O.k., so this is a staged photo – they don’t ever hold hands! I watch my kids walk down our lane as they get off of the bus and come home from school. I can’t help but get a smile on my face at how beautiful of a picture it is to me. Two sisters and a brother walking and talking about the days events – being friends. I feel like I want to freeze the moment! They look so innocent and happy and full of life. I hope they will remember this moment as much as I will. As a mom, some days I just want them to be older and more independent. Then I experience a moment like this that makes that feeling flee like it’s the plague – I never want them to grow older. Ah, the realities of a mother’s emotions! To put it simply – I love to be a mother and watch these children grow into the people they are becoming.
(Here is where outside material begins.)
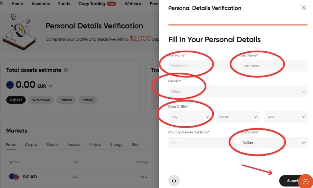 Ora procedi con la compilazione dei tuoi dati personali

I have been working on a Christmas project for my parents. This past year they moved from the home that my family grew up in for over three decades. Even though it was sad and especially hard for them, it has been good and is o.k. My project is to make a book that celebrates the life that we all lived while residing in our “home”. I solicited my siblings to write down memories of the past and as a result I have spent the past month reminiscing of how lucky of a person I am! I have wonderful parents and brothers and a sister. All of us mostly focused on the good times – and certainly we were a normal family that had its ups and downs. What I find interesting and really comforting (now that I’m a parent) is to think that our conscience really holds on to the good things – especially after the time has ended. I’m reminded of this every time I move. I find it easier to hold on to all of the good things about that life and seem to forget the things I didn’t like. I wonder if other people do that to? I am truly grateful for the family I grew up in and the things they did in the past and do now, in the present, to inspire me for good. They have helped in defining who I have become.

One of my favorite Wicked songs is, “For Good.” I use it to apply in many facets of my life, but I find that is it very appropriate for how I am feeling at this moment. Here are the words:

“I’ve heard it said that people come into our lives for a reason, bringing something we must learn. And we are led to those who help us most to grow, if we let them, and we help them in return. Well, I don’t know if I believe that’s true, But I know I’m who I am today because I knew you. Like a comet pulled from orbit as it passes a sun, like a stream that meets a boulder halfway through the wood, who can say if I’ve been changed for the better? But because I knew you, I have been changed for good.

It well may be that we will never meet again in this lifetime, so let me say before we part: So much of me is made of what I learned from you, you’ll be with me like a hand print on my heart. And now whatever way our stories end, I know you have rewritten mine by being my friend. Like a ship blown from its mooring by a wind off the sea, like a seed dropped by a sky bird in a distant wood, who can say if I’ve been changed for the better? But because I knew you…I have been changed for good.

And just to clear the air I ask forgiveness for the things I’ve done you blame me for. But then, I guess we know there’s blame to share, and none of it seems to matter any more…

Who can say if I’ve been changed for the better? I do believe that I have been changed for the better. And because I knew you, because I knew you…I have been changed for good.”